Но почему она сейчас поступает иначе с Дмитрием Ивановичем – оставила одного, обидела своим отъездом? Ведь он всегда в бою, полном неожиданностей и опасностей. Если заболеет, она даже не знает, где его искать. Неужели не любит? Или вторая любовь всегда слабее первой?

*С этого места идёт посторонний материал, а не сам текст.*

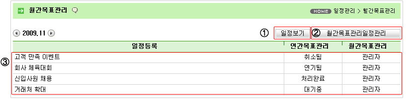 ① 일정보기 페이지로 이동합니다. ② 새로운 목표관리 내용을 등록할 수 있으며 페이지 구성은 다음과 같습니다. |
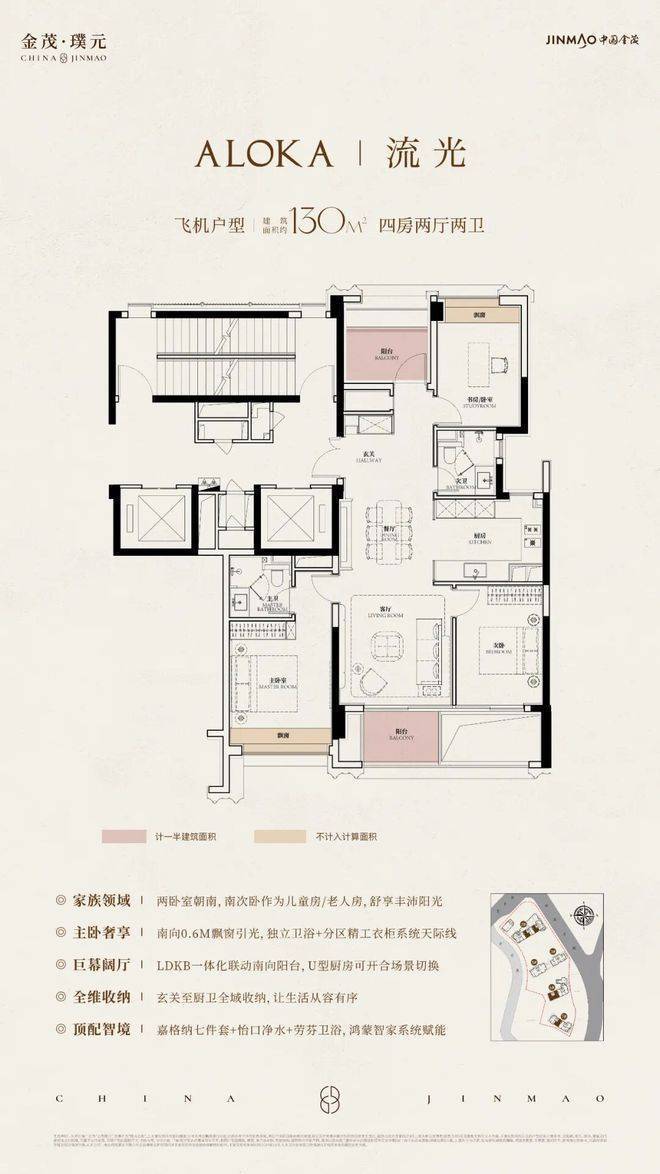 在建面约130m²户型中,金茂把每一寸面积都榨出了极致价值!
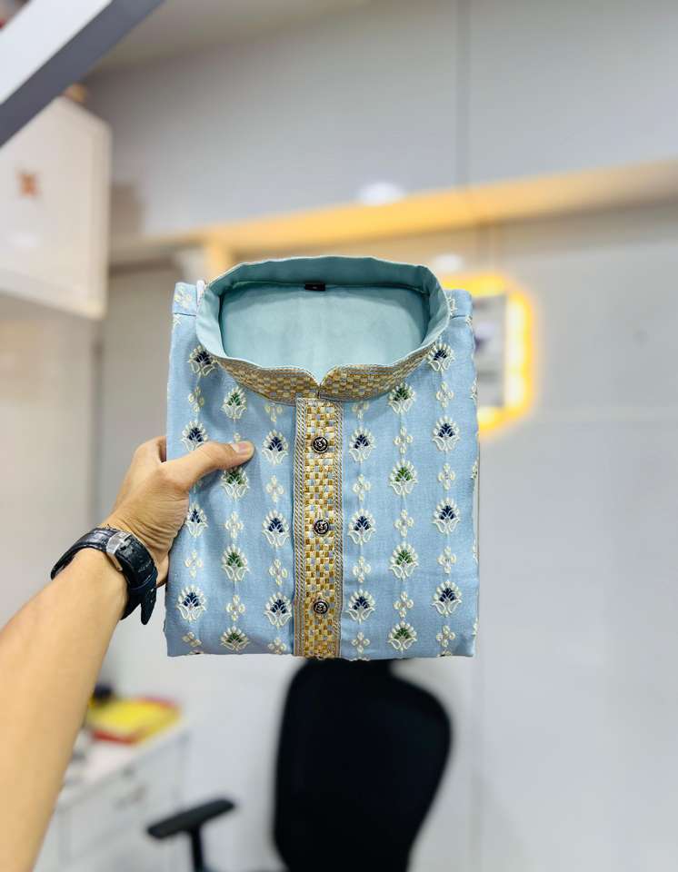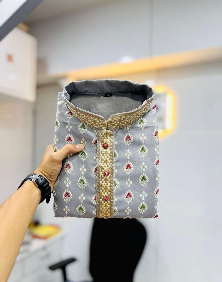 Top Selling Jacquard Silk Kurta Pajama Set Men's Casual Festival Wear Indian Pakistani Clothing Knee Length Fancy Kurta
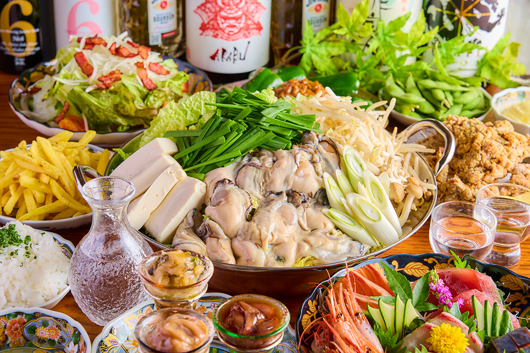 贅を尽くした最上級プラン。刺身5点盛りや酒肴3点盛り合わせをはじめ、濃厚な旨みが広がる牡蠣鍋をメインにした豪華10品。落ち着いた会食や特別な一日を華やかに演出する、店の魅力を余すことなく堪能できるプレミアムコースです。
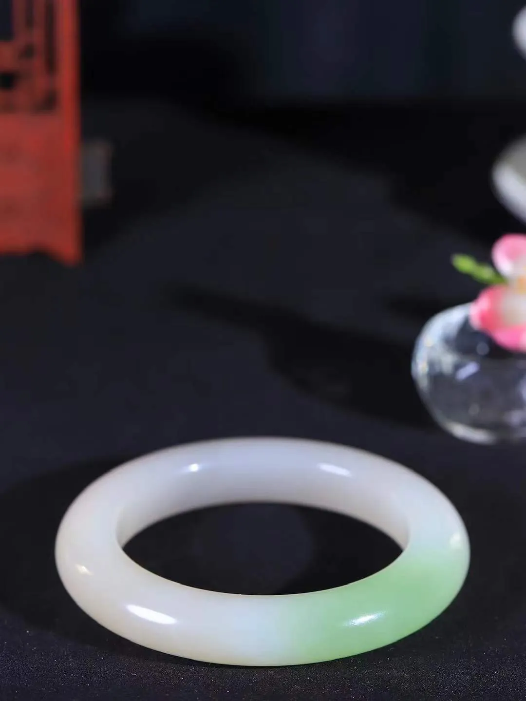 (三生有幸.手镯) 精品和田玉碧玉银杏叶手镯,玉质温润.油性上佳。三生有幸遇到你,始于初见,止
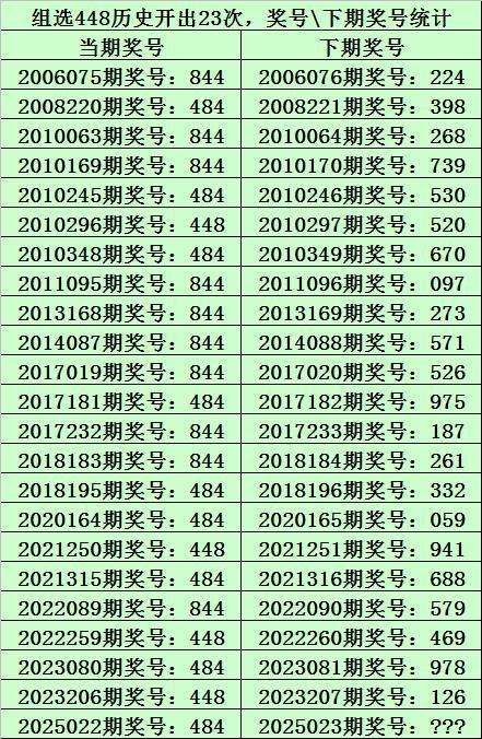 上期回顾:排列三第2025022期奖号为:484,类型:组三,历史上直选号码484出现了9次,组选号码448出现了23次。
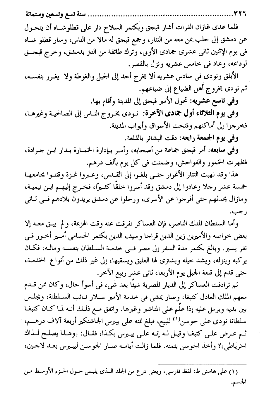 فَلَمَّا عدى غازان الْفُرَات أَشَارَ قبجق وبكتمر السِّلَاح دَار على قطلوشاه أَن يتَحَوَّل عَن دمشق إِلَى حلب بِمن مَعَه من التتار وَجمع قبجق لَهُ مَالا من النَّاس وَسَار قطلوشاه فِي يَوْم الْإِثْنَيْنِ ثَانِي عشرى جُمَادَى الأولى وَترك طَائِفَة من التتر بِدِمَشْق وَخرج قبجق لوداعه وَعَاد فِي خَامِس عشريه وَنزل بِالْقصرِ. الأبلق وَنُودِيَ فِي سادس عشريه أَلا يخرج أحد إِلَى الْجَبَل والغوطة وَلَا يغرر بِنَفسِهِ ثمَّ نُودي بِخُرُوج أهل الضّيَاع إِلَى ضياعهم. وَفِي تَاسِع عشريه: تحول الْأَمِير قبجق إِلَى الْمَدِينَة وَأقَام بهَا. وَفِي يَوْم الثُّلَاثَاء أول جُمَادَى الْآخِرَة: نُودي بِخُرُوج النَّاس إِلَى الصالحية وَغَيرهَا فَخَرجُوا إِلَى أماكنهم وَفتحت الْأَسْوَاق وأبواب الْمَدِينَة. وَفِي يَوْم الْجُمُعَة رابعه: دقَّتْ البشائر بالقلعة. وَفِي سابعه: أَمر قبجق جمَاعَة من أَصْحَابه وَأمر بإدارة الخمارة بدار ابْن جَرَادَة فظهرت الْخُمُور وَالْفَوَاحِش وضمنت فِي كل يَوْم بِأَلف دِرْهَم. هَذَا وَقد نهبت التتار الأغوار حَتَّى بلغُوا إِلَى الْقُدس وعبروا غَزَّة وَقتلُوا بجامعها خَمْسَة عشر رجلا وعادوا إِلَى دمشق وَقد أَسرُّوا خلقا كثيرا فَخرج إِلَيْهِم ابْن تَيْمِية ومازال يُحَدِّثهُمْ حَتَّى أفرجوا عَن الأسرى ورحلوا عَن دمشق يُرِيدُونَ بِلَادهمْ فِي ثَانِي رَجَب. وَأما السُّلْطَان الْملك النَّاصِر فَإِن العساكر تَفَرَّقت عَنهُ وَقت الْهَزِيمَة وَلم يبْق مَعَه إِلَّا بعض خواصه والأميرين زين الدّين قراجا وَسيف الدّين بكتمر الحسامي أَمِير أخور فِي نفر يسير. وَبَالغ بكتمر مُدَّة السّفر إِلَى مصر فِي خدمَة السُّلْطَان بِنَفسِهِ وَمَاله فَكَانَ يركبه وينزله ويشد خيله وَيَشْتَرِي لَهَا العليق ويسقيها إِلَى غير ذَلِك من أَنْوَاع الْخدمَة حَتَّى قدم إِلَى قلعة الْجَبَل يَوْم الْأَرْبَعَاء ثَانِي عشر ربيع الآخر. ثمَّ ترادفت العساكر إِلَى الديار المصرية شَيْئا بعد شَيْء فِي أَسْوَأ حَال وَكَانَ مِمَّن قدم مَعَهم الْملك الْعَادِل كتبغا وَصَارَ يمشي فِي خدمَة الْأَمِير سلار نَائِب السلطة وَيجْلس بَين يَدَيْهِ ويرمل عَلَيْهِ إِذا علم على المناشير وَغَيرهَا. وَاتفقَ مَعَ ذَلِك إِنَّه لما كَانَ كتبغا سُلْطَانا نُودي على جوسن للْبيع فَبلغ ثمنه على بيبرس الجاشنكير أَرْبَعَة آلَاف دِرْهَم ثمَّ عرض على كتبغا وَقيل لَهُ إِنَّه على بيبرس بِكَذَا فَقَالَ: وَهَذَا يصلح لذاك الخرياطي وَأخذ الجوسن بِثمنِهِ. فَلَمَّا زَالَت أَيَّامه صَار الجوسن لبيبرس بعد لاجين
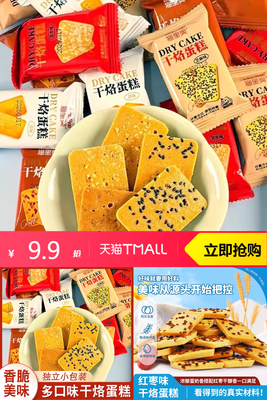 【百补,领百补金刚券,到手8.91】🌳猫里奥红枣味干烙饼干选用了上等红枣,每一颗都经过精心挑选和烘焙,保证了饼干的美味和营养价值。而独特的干烙工艺,更是让饼干外酥内软,口感超赞!

Ружена почувствовала, что не сможет больше валяться под солнцем, беззаботно купаться в теплом море, рассматривать жирно-зеленые пальмы, облезлые эвкалипты, ядовитые олеандры и магнолии. Она ушла с пляжа, долго сидела в душной комнате, перебирая в памяти последнюю встречу с Дмитрием Ивановичем, укоряла себя и с каждой минутой убеждалась, что поступила неразумно и неблагородно, словно какая-то капризная девчонка. Все меньше и меньше находила себе оправдания и страдала, наверное, уже не столько от уверенности, что нужна Дмитрию Ивановичу, сколько от сознания, что сама не сможет дольше быть без него.

Чувство стыда охватило ее, и она с болью представила себе минуту, когда посмотрит в глаза Дмитрию. Надеялась, что не придется просить прощения, что все само собой образуется, и от этого еще острей чувствовала неловкость.

Ружена заставила себя пообедать, ела без аппетита. На ужин не пошла, бродила дотемна в раздумьях возле моря.

Ночью совсем не спала. А рано утром, терзаясь головной болью, заявила директору дома отдыха, что в связи с семейными обстоятельствами вынуждена немедленно уехать. Попросила соседа, жившего в одной комнате с Матушкиным, проведать его и передать пожелание скорее выздороветь. Потом сложила вещи в чемодан и покинула дом отдыха с такой поспешностью, словно за ней гнались.

Автобус в аэропорт отходил от игрушечно изящной железнодорожной платформы «Павильон» через час. Так долго ждать у Ружены не было сил. Ей вдруг все надоело, даже опротивело – и эта пышная зелень, и голубое море, и жирная черная-черная лента шоссе, по которому никто не хотел отвезти ее в Адлер, – и она уже готова была сбросить босоножки и пешком идти в аэропорт.

В конце концов ей повезло. Она остановила такси, и добродушный абхазец, увидев перед собой взволнованную женщину, согласился ехать в Адлер.

Было, конечно, наивным надеяться, что в июле, без предварительного заказа, можно попасть на самолет.

Но Ружена сделала невозможное, и сам начальник аэропорта посадил ее всеми правдами и неправдами в первый же вылетавший на Киев самолет.